SUPPLIED MATERIAL:
——————————
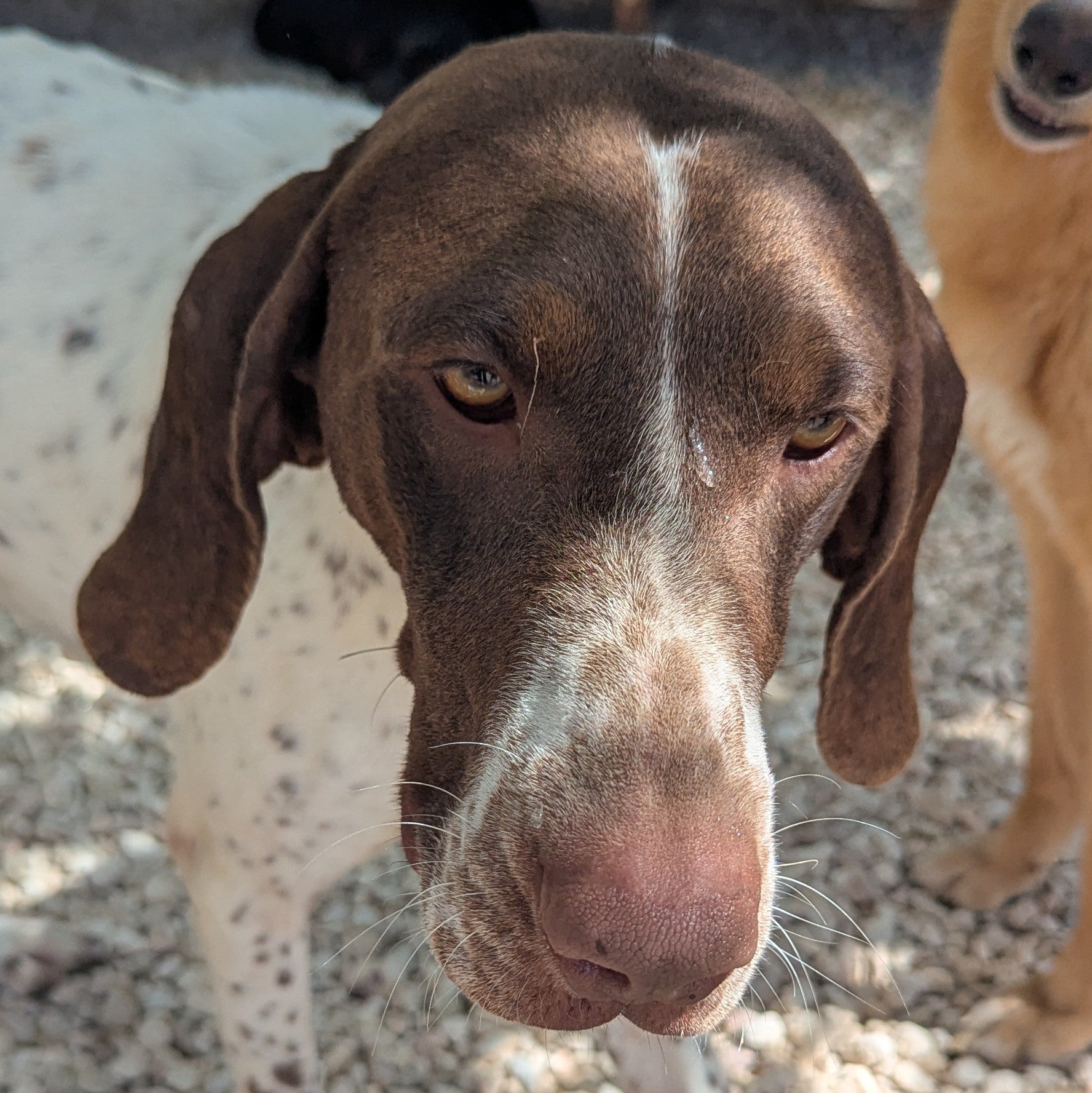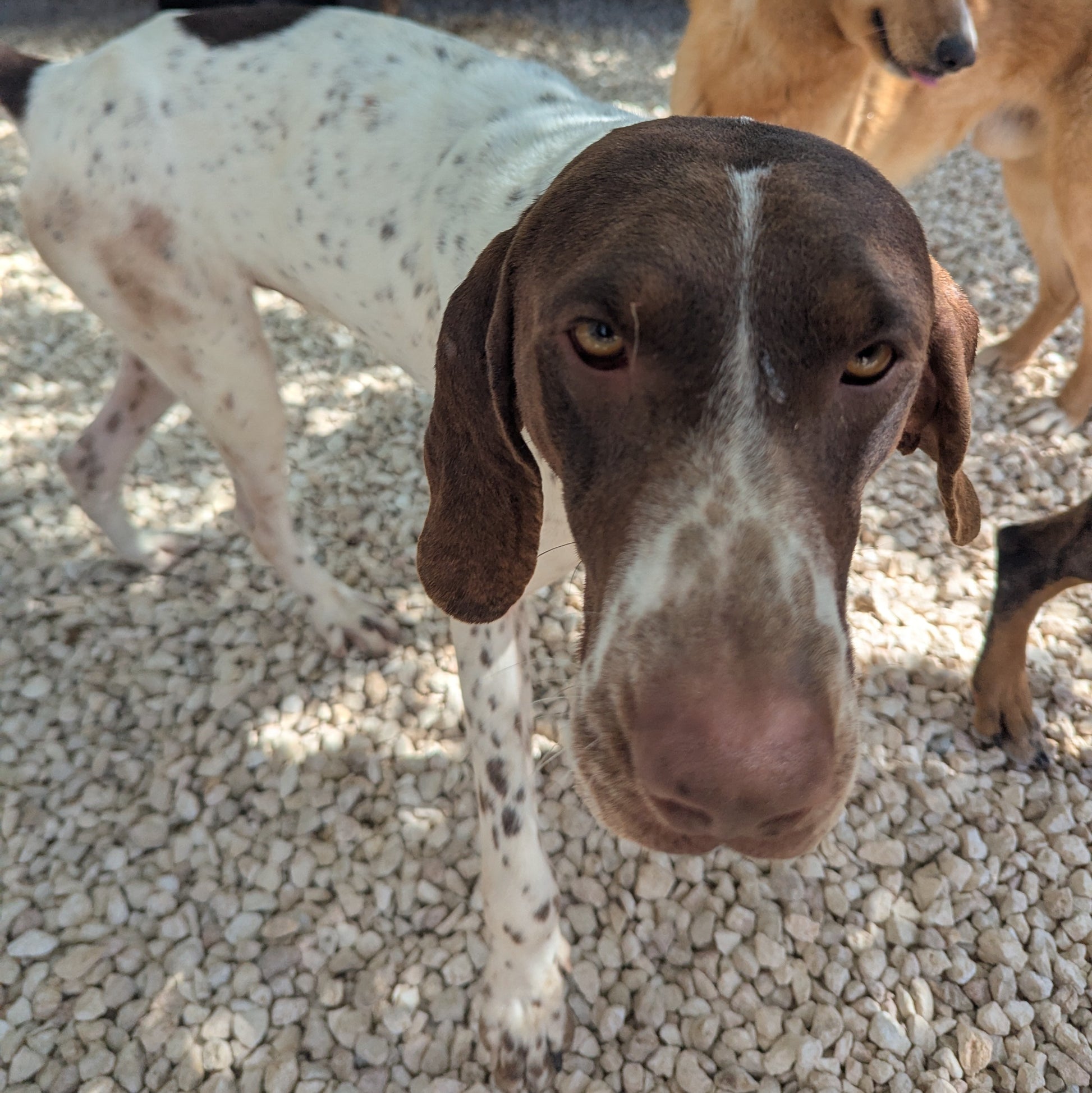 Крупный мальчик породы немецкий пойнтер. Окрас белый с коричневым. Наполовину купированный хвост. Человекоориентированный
——————————
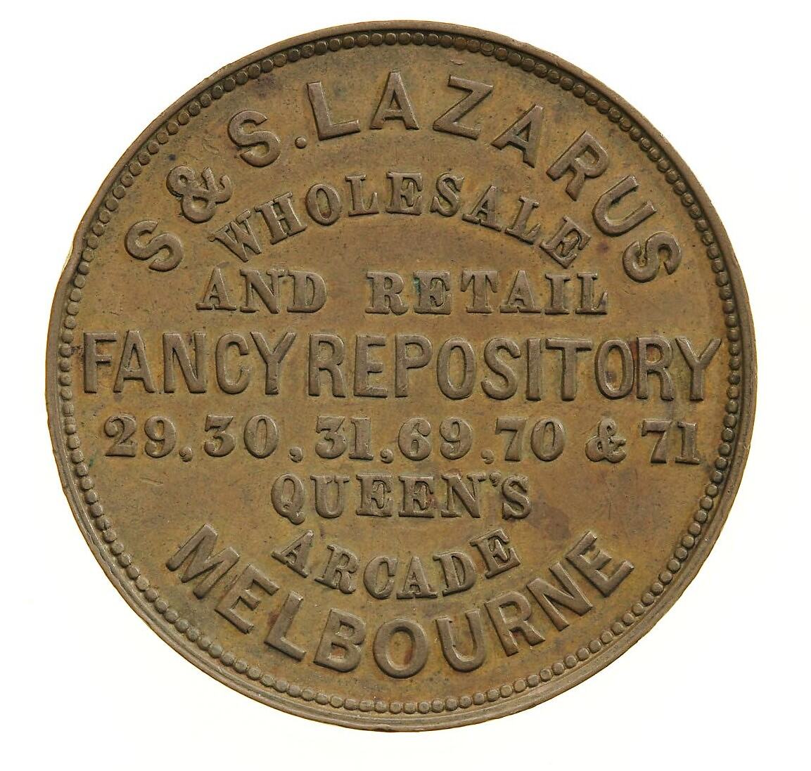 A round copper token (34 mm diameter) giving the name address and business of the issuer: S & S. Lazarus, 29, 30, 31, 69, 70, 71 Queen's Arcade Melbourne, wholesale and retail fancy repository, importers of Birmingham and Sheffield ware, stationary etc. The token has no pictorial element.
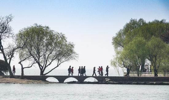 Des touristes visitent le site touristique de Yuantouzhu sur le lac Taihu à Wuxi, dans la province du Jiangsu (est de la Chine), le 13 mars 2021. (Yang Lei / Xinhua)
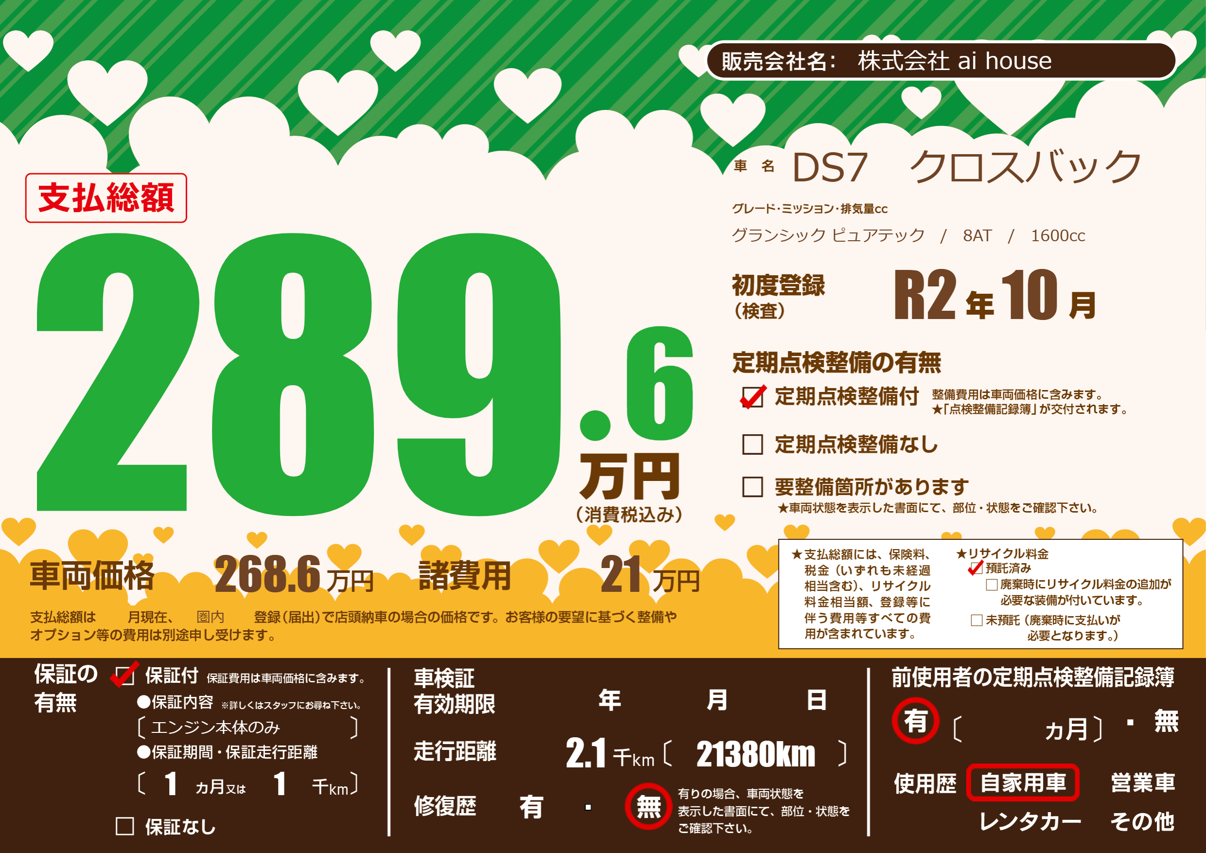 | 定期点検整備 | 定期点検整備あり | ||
——————————
ABOUT THIS EXERCISE:
Only the lines starting at the one that includes "Des touristes visitent" and ending at the one that includes "定期点検整備あり | ||" should be retyped, exactly, from the records above; no pictures.

RESULT FOR THIS EXERCISE:
 Des touristes visitent le site touristique de Yuantouzhu sur le lac Taihu à Wuxi, dans la province du Jiangsu (est de la Chine), le 13 mars 2021. (Yang Lei / Xinhua)
 | 定期点検整備 | 定期点検整備あり | ||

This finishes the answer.